Q. What are some of the challenges in the marketing and advertising industry?
A. The marketing industry is a dinosaur driving its way toward the future. The ad agency model is dead and all we are doing now is waiting for the bodies to actually drop. You cannot build a business on the (old) agency model strategy. You have to be willing to partner with the companies you work with and understand how to move the customer to the center of the conversation.
Marketing has (also) become a white, pink-collar ghetto glass ceiling industry. My partners and I are really angry at how little advertising and marketing has evolved in terms of cultural diversity.
Q. What does your company, PS Insights, focus on?
A. We do talks and lectures, but our niche is we will come into a company and refocus, rebrand, reposition and re-strategize, all within 48 hours. We will give companies the first marketing plan they have ever had. One of the things we like to say is we are never the cheapest, but we are almost always the least expensive.
The team of marketing experts at PS Insights, a New York City-based firm, produces a blog about being better in marketing — which the company equates to being better in business. Here are some recent posts:
• Hand candy: “When the meeting is special, treat it differently. We're fans of 'hand candy' for special creative meetings — pipe cleaners, clay, Play-Doh. Paul just finished facilitating a meeting where the clay provided a major outlet to all kinds of impressive creations and some excellent planning work product, too!”
• The jury is asked to disregard: “Any good trial lawyer will tell you, 'Communication is irreversible.' Once it's out there — spoken, texted, tweeted, blogged, e-mailed — it's out there. No amount of backpedalling, apologizing or denying can undo the damage that a slip of the keys or the tongue can create. Carpenters say, 'Measure twice, cut once.' In business the rule should probably be, 'Think twice, speak once.'”

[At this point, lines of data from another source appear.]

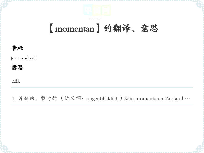 片刻的,暂时的 (近义词:augenblicklich)Sein momentaner Zustand / Die momentane Lage ist beunruhigend.他目前状况/这眼前形式令人不安。Ich kann mich momentan nicht erinnern.我一下子回忆不起来了。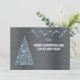 Greeting wish card Merry chrsitmas and Joyful New Year written in English in white font with light blue christmas tree & balls on a silver background - editable text and background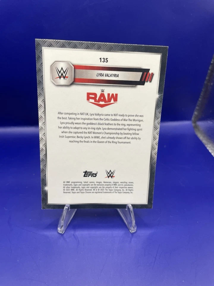 The product is a topps chrome refractor trading card featuring wrestling athlete Lyra Valkyria from the WWE. This card, numbered 135, is part of the 2025 season collection by Topps. The chrome finish gives it a shiny and reflective look, making it a desirable variation for collectors and fans of the sport.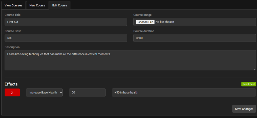 Hello everyone! I’m offering an Education System Module that seamlessly integrates into your GLv2 . This module introduces an interactive education system, allowing players to enroll in courses, complete lessons, and unlock rewards as they progress. 🚀 Features: 📚 Course Management ✅ Admins can create, edit, and delete courses and lessons. ✅ Set course descriptions, requirements, and rewards. ✅ Organize courses into structured learning paths. 🏆 Player Progression System ✅ Players can enroll in courses and track their progress. ✅ Unlock new lessons, gain experience, and earn rewards. ✅ The system supports prerequisites, ensuring structured learning. 🎮 User Integration ✅ Courses are linked to player ranks and levels for a balanced experience. ✅ Players can level up skills by completing courses and exams. ⚙️ Admin Controls ✅ Full control over course creation, deletion, and modification. ✅ Manage lessons, requirements, and rewards with ease. ✅ View and track player progress from a structured dashboard. 💰 Price: $60 💬 Interested or have questions? Feel free to PM me or reply to this thread! I also offer integration support if needed. 🔹 Demo: Game Name - Education 🔹 Login: User: admin Pass: admin 🖼️ Screenshots: Let me know if you’d like any tweaks! 🚀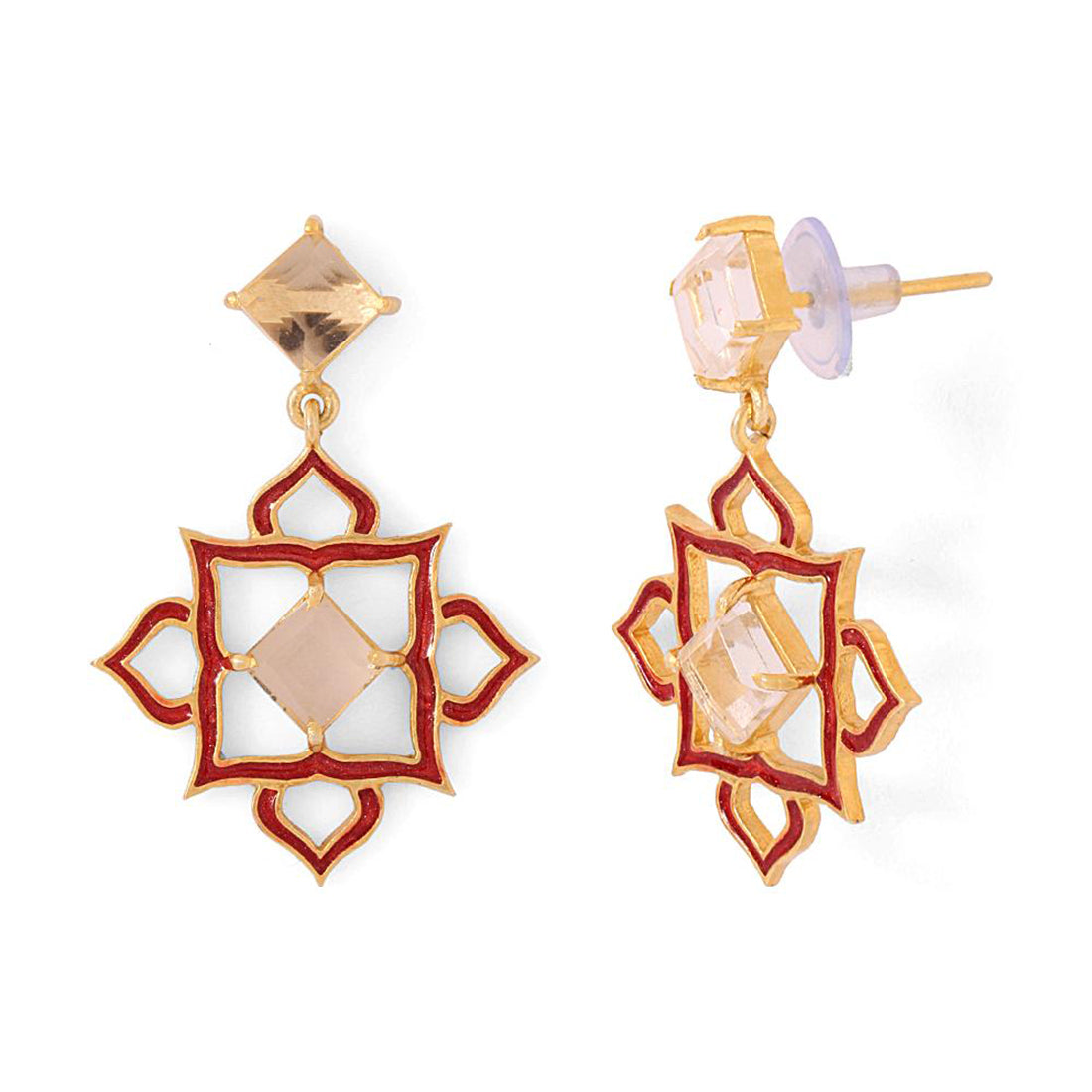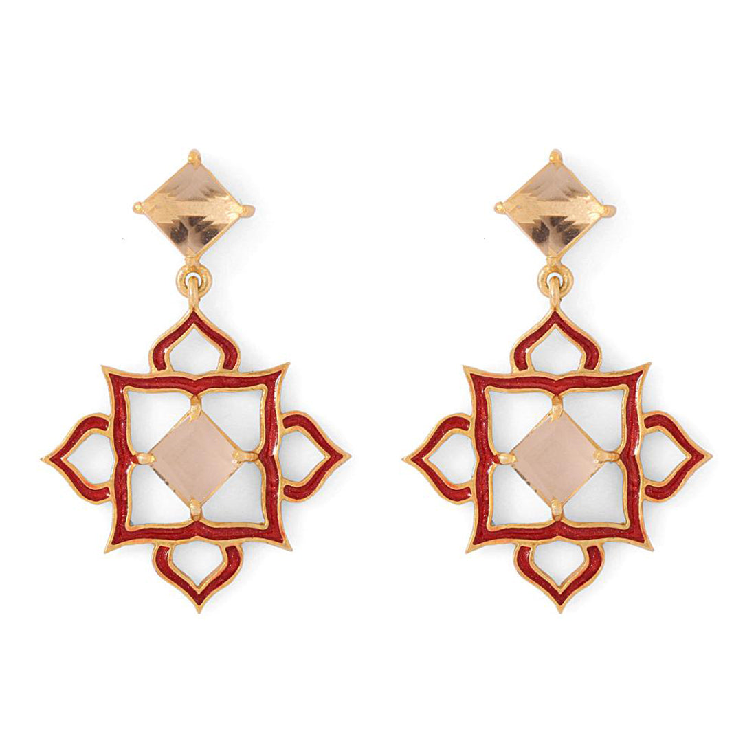 Flaunt your unique taste in ardent jewelry with these lovely earrings. These danglers are adorned with delicate red enamel work and sparkling crystal. Grab these right away!

• Think inside the box: “Over the years, a lot of people have spent a lot of time thinking about how to be innovative in managing different businesses. They have advanced lots of good ideas in books, articles, and essays — they are enamored of the concept 'think outside the box.' Too often, we see business people rushing to re-invent the wheel when there's a perfect solution available if they'd just look at the assets they already own. So sure, think outside the box — but only after you've searched thoroughly 'inside the box.' It's way less expensive, more risk-free and financially rewarding.”